*GOAL OF THE EXERCISE*
Print nothing beyond the line with "I didn't re-read": every line from the beginning of the data up to it, that line included, and no pictures.

*** GIVEN DATA Section Begins ***

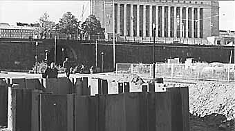Two overviews of Santiago Sierra's Person in a Ditch Measuring 300 × 500 × 300 cm, temporary work placed between Contemporary Art Museum Kiasma and Parliament House in Helsinki, Finland, September 2001.
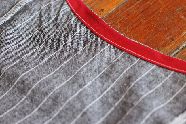 I didn't re-read the pattern instructions so I don't remember how it has you finish the neckline and armholes, but bias tape made the most sense to me. Of course I used red bias tape. Of course!
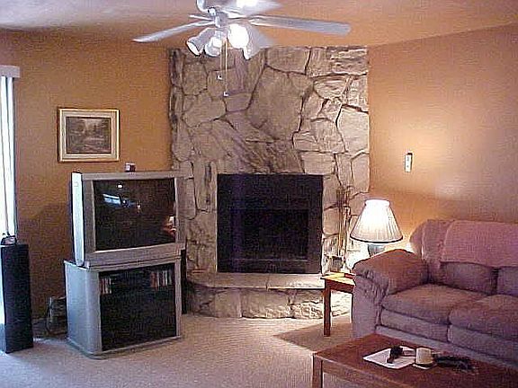 Living room has wood burning fireplace, ceiling light fan and slider to enclosed private patio with storage shed. Kitchen has been remodeled with refinished cabinets, new electric stove, and hood. Dual sinks with new Peerless faucet overlooking greenbelt. Dishwasher, disposal, Formica counter tops, ceiling light fan. Laundry in hall with shelves. Half Bath on main floor with new toilet, refinished cabinets and new countertop. Bedrooms on second floor have spacious slider door closets, ceiling light/fans and window blinds. Main Bathroom has a tub shower combo, dual sinks, linen closet, new toilet, cabinets, counter top and lights. New neutral colored Berber carpet, vinyl and laminate to compliment soft decorator colors. Popcorn ceilings have been removed. Covered carport for 2 cars.

*** GIVEN DATA Section Ends ***

*EXPECTED OUTPUT*
Two overviews of Santiago Sierra's Person in a Ditch Measuring 300 × 500 × 300 cm, temporary work placed between Contemporary Art Museum Kiasma and Parliament House in Helsinki, Finland, September 2001.
 I didn't re-read the pattern instructions so I don't remember how it has you finish the neckline and armholes, but bias tape made the most sense to me. Of course I used red bias tape. Of course!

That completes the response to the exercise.